On February 5, the Food and Drug Administration (FDA) announced a major change in how the agency will regulate claims about artificial colors in foods.

In a “Letter to the Food Industry,” the FDA declared that the agency would exercise enforcement discretion under Section 403(a)(1) of the Federal Food, Drug, and Cosmetic (FD&C) Act if a company makes certain voluntary labeling claims about the absence of artificial colors in foods. According to the letter, the FDA does not intend to take enforcement action under the statute based on any of the following labeling claims, as long as the food contains no FD&C Act-certified color:

  • “Made without artificial food colors/coloring”;
  • “No artificial color/colors/coloring”; and
  • “No added artificial color/colors/coloring.”

The FDA described its policy change as part of the Make America Healthy Again initiative and its efforts to encourage manufacturers to eliminate petroleum-based dyes from food products.
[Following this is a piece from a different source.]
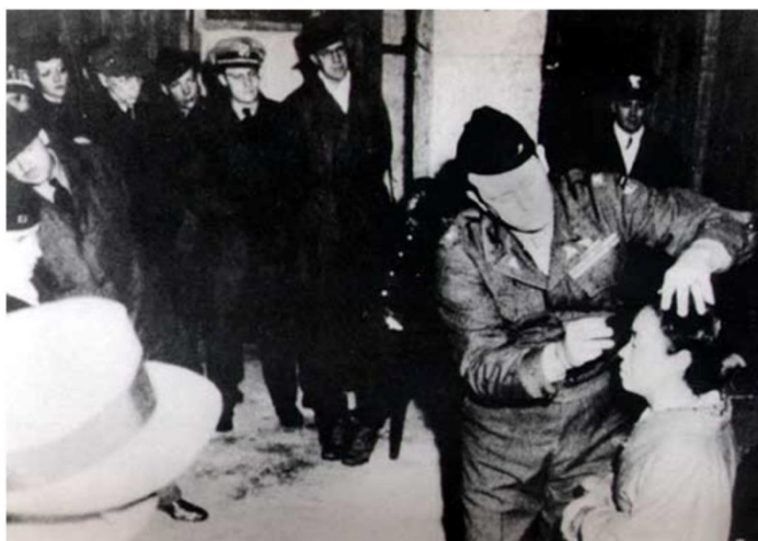
ABCC examination of Hiroshima victim

The Japanese physicians and scientists who’d been on the scene told horrific stories of people who’d seemed unharmed, but then began bleeding from ears, nose, and throat, hair falling out by the handful, bluish spots appearing on the skin, muscles contracting, leaving limbs and hands deformed. When they tried to publish their observations, they were ordered to hand over their reports to US authorities. Throughout the occupation years (1945-52) Japanese medical journals were heavily censored on nuclear matters. In late 1945, US Army surgeons issued a statement that all

Under existing FDA regulations, “artificial color” or “artificial coloring” means any color additive. As a result, claiming that a food is free of artificial colors when in fact the food contains noncertified color additives (such as spirulina extract or beetroot red) has risked enforcement action by the FDA on the ground that the food is misbranded under Section 403(a)(1) due to false or misleading labeling. Under the new policy, the FDA no longer intends to pursue such enforcement actions.

However, the underlying statutory and regulatory provisions under which all color additives have been treated as artificial colors remain intact. Manufacturers likewise will still face risks that state regulators or private plaintiffs will argue that “no artificial color” claims are false or misleading if a product contains a noncertified color additive.

In this way, the FDA’s enforcement discretion policy reduces the risk of federal enforcement but also contributes to a more uncertain regulatory landscape. State regulators and private litigants even may point to the FDA’s letter as evidence that “no artificial color” claims for foods with noncertified color additives are false or misleading, on the theory that a policy of enforcement discretion would be unnecessary if the claims were accurate and not misleading.

Food manufacturers considering labeling changes in light of this new flexibility at the federal level should continue to monitor trends in private litigation and regulatory developments at the state level, and should maintain compliance programs designed to address regulatory and litigation risks wherever their products are sold.